Everyone has seen the pictures of the ghost cities (Chenggong) with no inhabitants; ghost malls (South China Mall, Dongguan Mall) with no shoppers; residential towers with no residents; and roads with no cars. Analyst Gillem Tolluch scene in China today:

China consumes more steel, iron ore and cement per capita than any industrial nation in history. It’s all going to railways that will never make money, roads that no one drives on and cities that no one lives in. It’s like walking into a forest of skyscrapers, but they’re all empty.

There are 218 million urban households in China, and the central government ordered local governments to build 36 million more units by 2015. They just have one small problem: Prices for apartments in Shanghai and other major metropolitan areas have soared by over 100% in the last five years.

The average size of a “cheap” apartment in second-tier Chinese cities is 60 square meters (650 sq ft) and fetches an average price of $1,230 per square meter, or $73,800. Mid-tier apartments in Shanghai or Beijing sell for $3,500 per square meter, or $210,000 for an average size apartment. “When prices are over 20 times more than annual household income, it’s not affordable,” says Andy Xie, an independent economist in Shanghai. Millions of working Chinese have been priced out of ever owning property and blame the corrupt local government cronies and connected speculators. Anger is simmering among the masses.
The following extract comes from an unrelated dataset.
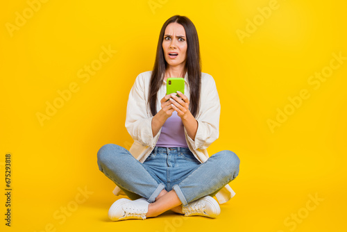 Full body photo of unsatisfied impressed lady sit floor stare use smart phone isolated on yellow color background

Confirming the overvaluation, a report by the Chinese Academy of Social Science points out that in the country’s metropolitan centers today, house prices per square meter generally amount to between 50% and 100% of average annual incomes. “To secure a flat of 90 square meters, an average working family in Beijing and Shanghai will have to work for more than 50 years to pay off their loans, compared to five to 10 years in the developed world,” according to the report. Report authors Lu Ding and Huang Yanjie conclude that, “ky-high housing prices have undermined housing affordability and caused great anxiety and resentment among the public, who are wary of the conspiracy among ‘speculators’ – developers and government officials in charge of real estate businesses.”

House of Cards

China has methodically and relentlessly grown their economy for the last thirty years. However, as the US and Europe discovered the hard way with their real estate busts, if one makes an abundance of cheap-money loans to speculators, prices will rise far above the true value of the asset bought with the debt. And in time, the bubble must burst. The pressure in this bubble is mounting. Andy Xie lays out the real situation on the ground in China:

No other government in the world would spend that kind of money. If you go to local Chinese cities, you will see what they spent that money on: Tens of millions on just trees, parks and government buildings.
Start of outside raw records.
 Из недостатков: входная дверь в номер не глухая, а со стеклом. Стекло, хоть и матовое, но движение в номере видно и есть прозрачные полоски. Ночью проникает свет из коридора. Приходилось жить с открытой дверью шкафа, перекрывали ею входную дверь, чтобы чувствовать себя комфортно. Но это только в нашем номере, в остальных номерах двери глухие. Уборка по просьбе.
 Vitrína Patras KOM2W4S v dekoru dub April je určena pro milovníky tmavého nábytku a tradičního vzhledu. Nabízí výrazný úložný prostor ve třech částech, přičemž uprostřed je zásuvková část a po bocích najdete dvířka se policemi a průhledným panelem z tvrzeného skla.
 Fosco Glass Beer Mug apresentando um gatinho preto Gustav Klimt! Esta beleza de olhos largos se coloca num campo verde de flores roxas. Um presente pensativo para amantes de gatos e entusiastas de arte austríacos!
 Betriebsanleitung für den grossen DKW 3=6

All of the major ratings agencies are warning about an impending banking crisis in China. Fitch downgraded the country’s credit rating and warned there *was a 60% chance the Chinese banking system will require a bailout in the next two years*. Just like the US, China has too-big-to-fail banks, with five banks accounting for 50% of the lending in China. In a July 2011 report, Moody’s cautioned that the non-performing loans on the balance sheets of Chinese banks could rise to between 8% and 12%, versus the 1% proclaimed by Chinese officials. China’s regulators have belatedly applied the brakes, but it is too late. The house of cards looks susceptible to just the slightest of breezes.

Fraser Howie, the coming collapse:

If you are going to address the misallocation of capital in the banking system and credit system, that’s going to have huge knock-on effects on the profitability and viability of the banks. And if there were a major banking crisis, you would start to see money trying to get out of China. It’s almost far too complicated to contemplate.


----------



## tothemax6 (18 October 2011)

Mr Z said:


> Doesn't surprise me as you specifically go out of your way to call people thugs. Not a great tactic if you want to be seen as credible.
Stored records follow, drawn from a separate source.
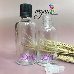 - Chai thủy tinh đựng mỹ phẩm bằng thủy tinh trong suốt, nắp có đầu nhỏ giọt.
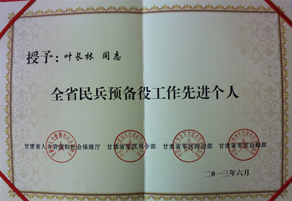 2013年6月18日 ,,,,在兰州宁卧庄宾馆召开了全省民兵准备役事情聚会 ,,,,聚会总结“十五”以来我省民兵准备役建设 ,,,,安排以后一个时期的重点事情 ,,,,表扬奖励了全省准备役事情的先进单位和先进小我私家。。。省向导王三运、刘伟平、欧阳坚、李建华、王玺玉及省政府秘书长张生桢出席聚会。。。步队向导王文清、李建印、陈知庶、傅传玉、李勇、李林出席聚会。。。集团公司党总支书记、副总司理叶长林荣获全省民兵准备役事情先进小我私家声誉称呼。。。
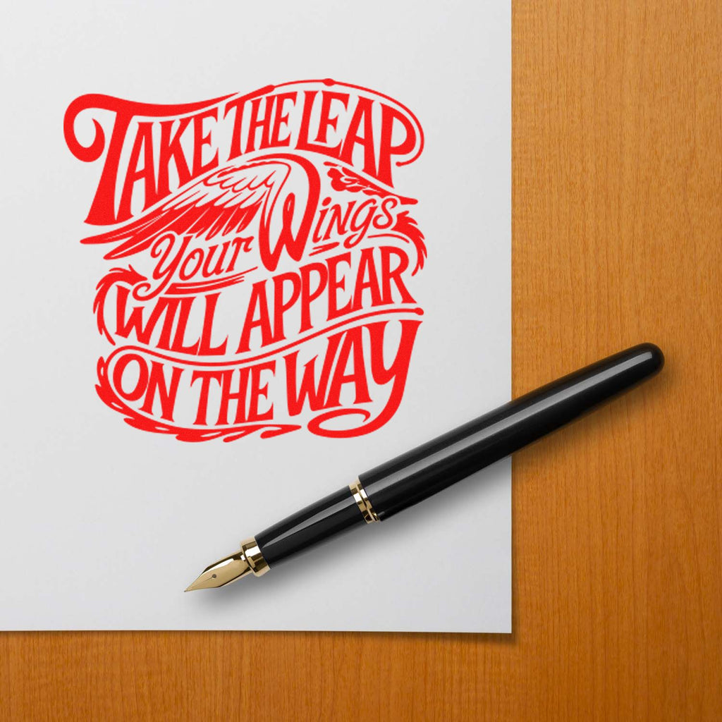 Duo Take The Leap Inspirational Winged Typography Hand Stamp Highlights and Features

No not 'people', that was just you. Everyone else here is fine.
I probably should have checked that you were the OP for this thread before I touched it.

So: tothemax6 says once more, undoubted China construction bubble, crash coming, history will be my judge, signing out.


----------



## Mr Z (18 October 2011)

tothemax6 said:


> So: tothemax6 says once more, undoubted China construction bubble, crash coming, history will be my judge, signing out.




LOL, visionary, just visionary! Got anything more useful? My abusive little friend!


----------



## Starcraftmazter (18 October 2011)

Mr Z said:


> Well yeah it kinda does, recovering from over supply where demand is not leveraged to the hilt is a lot less of a bubble than recovering from over supply and credit pumped demand.




Well one thing to consider is the structure of the demand vs supply. It's one thing to say there's a demand for housing, but it's another to say there is a demand for "luxury" housing (by Chinese standards) which is being built, if the people who do not yet own such property simply do not and can never hope to make enough money to afford it.

Another thing to worry about is that even a 20-30% fall will see a lot of the middle/upper middle class people lose very significant amounts of money (and going by interviews I have seen with them, these people are not at all aware of the fact that RE can actually go down in value), which is not good considering internal consumption for consumer goods is already very low in China. This will cause the aspiring middle class to consume even less in the economy - at a time when the Chinese central government is frantically trying to boost internal consumption.




Mr Z said:


> Yes and it appeared more emotional than deductive. Pardon me if I want to cut past emotion and look for fact.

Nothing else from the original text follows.